Dia mengatakan kepada South China Morning Post bahwa "Kamboja adalah negara korban" sindikat asal China.
“Mereka adalah orang asing yang menggunakan wilayah kami untuk melakukan kejahatan terhadap orang asing lainnya. Kami tidak memiliki kapasitas untuk menanggapi setiap laporan kejahatan, tetapi kami menyelamatkan korban ketika kami bisa,” katanya seperti dikutip dari surat kabar Hong Kong.
Am Sam Ath, Wakil Direktur Licadho, sebuah kelompok hak asasi lokal, mengatakan konsekuensi bagi Kamboja jika gagal mengendalikan jaringan perdagangan manusia bisa sangat parah.
“Jika Kamboja tidak memiliki komitmen dan kemauan yang tinggi (untuk menindak penipu), itu akan mempengaruhi citra Kamboja, investasi, dan sektor pariwisata karena (kekhawatiran akan) keamanan dan keselamatan,” katanya kepada VOA Khmer.

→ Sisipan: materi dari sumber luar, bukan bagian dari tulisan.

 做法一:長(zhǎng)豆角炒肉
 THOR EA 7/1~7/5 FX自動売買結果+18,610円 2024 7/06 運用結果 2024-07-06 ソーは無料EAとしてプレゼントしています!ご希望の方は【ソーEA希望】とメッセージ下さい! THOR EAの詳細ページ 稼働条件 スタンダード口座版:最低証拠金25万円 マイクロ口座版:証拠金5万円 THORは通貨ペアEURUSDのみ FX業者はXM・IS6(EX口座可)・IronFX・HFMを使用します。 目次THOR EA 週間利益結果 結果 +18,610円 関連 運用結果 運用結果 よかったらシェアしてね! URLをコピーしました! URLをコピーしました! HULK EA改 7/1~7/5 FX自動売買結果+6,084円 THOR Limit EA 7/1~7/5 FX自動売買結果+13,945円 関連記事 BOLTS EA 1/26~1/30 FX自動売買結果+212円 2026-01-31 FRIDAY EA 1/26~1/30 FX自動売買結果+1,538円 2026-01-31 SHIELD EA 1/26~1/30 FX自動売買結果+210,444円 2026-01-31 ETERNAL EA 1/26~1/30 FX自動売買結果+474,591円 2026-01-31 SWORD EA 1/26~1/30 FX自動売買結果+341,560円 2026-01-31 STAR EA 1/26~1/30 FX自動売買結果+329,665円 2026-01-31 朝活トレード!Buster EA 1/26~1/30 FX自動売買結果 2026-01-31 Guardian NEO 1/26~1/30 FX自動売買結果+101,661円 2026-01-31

Dia menambahkan Kamboja harus memperkuat dan bekerja sama dengan negara-negara tetangga untuk mengekang aliran tenaga kerja ke dalam perdagangan manusia di Kamboja.
Komentar PBB
Vitit Muntarbhorn, pelapor khusus PBB untuk hak asasi manusia di Kamboja, berbicara pekan lalu tentang tren penipuan dunia maya dan perdagangan manusia yang mengkhawatirkan. Hal itu diutarakan Muntarbhorn dalam kunjungan pertamanya ke Kamboja.

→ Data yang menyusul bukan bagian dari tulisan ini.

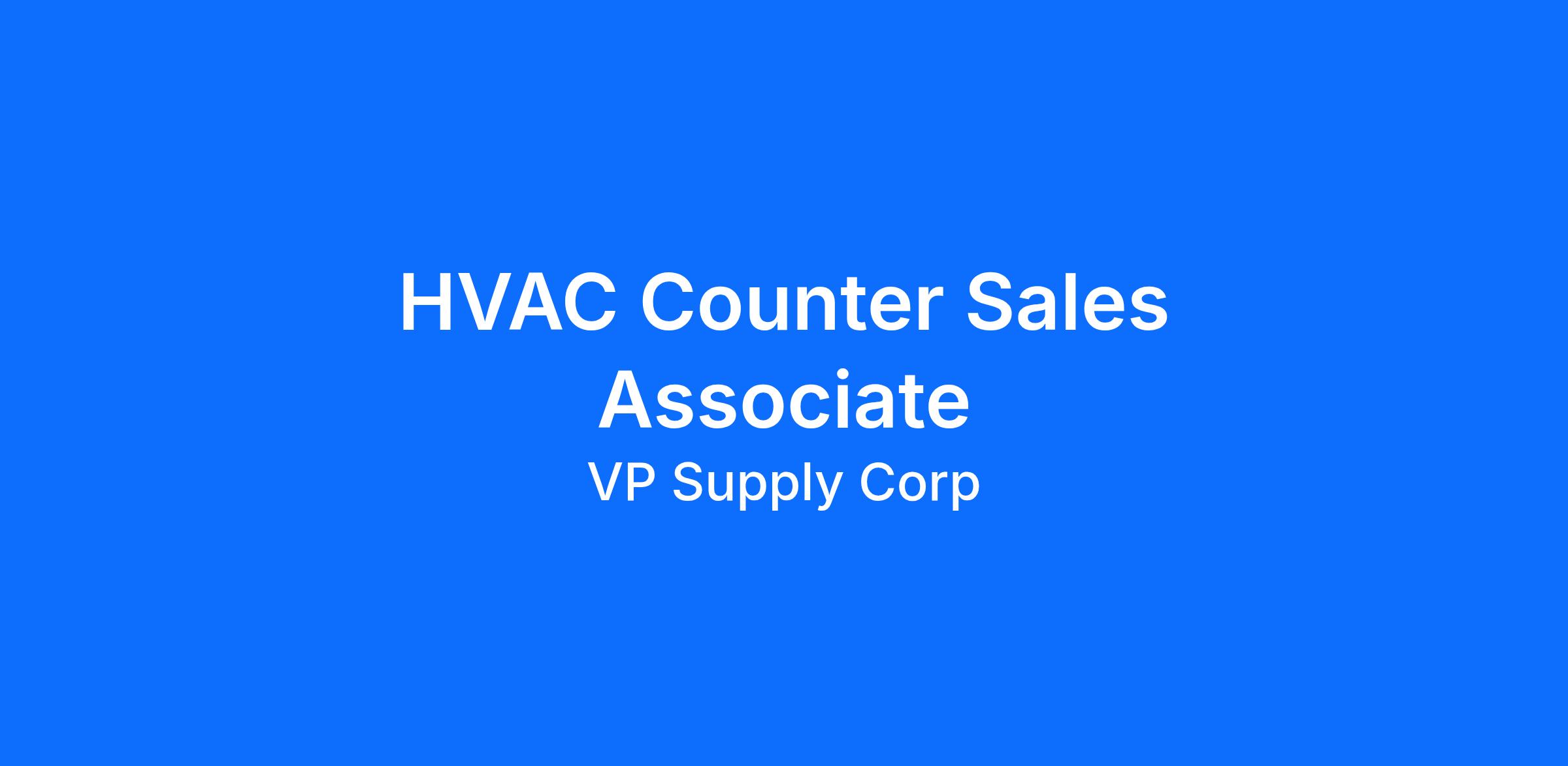 The HVAC Counter Sales Associate plays a key role in supporting our contractor and walk-in customers by providing product knowledge, order support, and exceptional service at the counter. This role is ideal for someone with HVAC experience who enjoys problem-solving, learning new products, and building strong customer relationships.

Dia juga menekankan kerja sama dengan negara-negara asal para korban, serta pelatihan bagi pejabat Kamboja untuk meningkatkan kemampuan mereka dalam mengidentifikasi korban dan mengembangkan metode kreatif untuk mengumpulkan informasi tentang jaringan penipuan.
“Kami membutuhkan sesuatu yang lebih khusus dan dengan kapasitas dan sumber daya tertentu,” kata Vitit Muntarbhorn.
Pech Pisey, Direktur Eksekutif Transparency International Kamboja, mengatakan partai yang berkuasa juga dapat membayar harga politik yang mahal di negaranya, jika jaringan perdagangan manusia terus berlanjut tanpa hambatan.
“Orang-orang tidak ingin melihat Kamboja digunakan oleh penjahat internasional untuk menjalankan kegiatan kriminal yang kejam, termasuk perdagangan manusia, pencucian uang, dan perdagangan senjata,” katanya.
“Hal ini terkait dengan sebuah sistem sehingga perlu solusi yang sistematis,” kata Pech Pisey. “Para penjahat internasional seperti itu sangat ahli dan sangat pintar.”
Tower dari Institut Perdamaian AS mengatakan kegagalan dalam menghadapi para penyelundup saat ini dapat memungkinkan situasi berkembang lebih jauh, baik di Kamboja maupun di seluruh kawasan. “Negara-negara asal” dapat mulai memperingatkan warganya agar tidak melakukan perjalanan atau relokasi ke negara-negara dengan risiko perdagangan manusia yang tinggi. Peringatan itu dibutuhkan mengingat akan adanya biaya politik dan keamanan yang tinggi karena warganya akhirnya terjebak atau diperbudak di luar negeri.
“Karena pada akhirnya setiap orang memiliki kepentingan untuk dapat melindungi warga negara mereka,” kata Tower, “dan itu merupakan sebuah aib yang cukup besar bagi negara mana pun yang melihat sejumlah besar warga negaranya diperdagangkan atau mengalami keadaan seperti ini di tanah asing,” tukas Tower.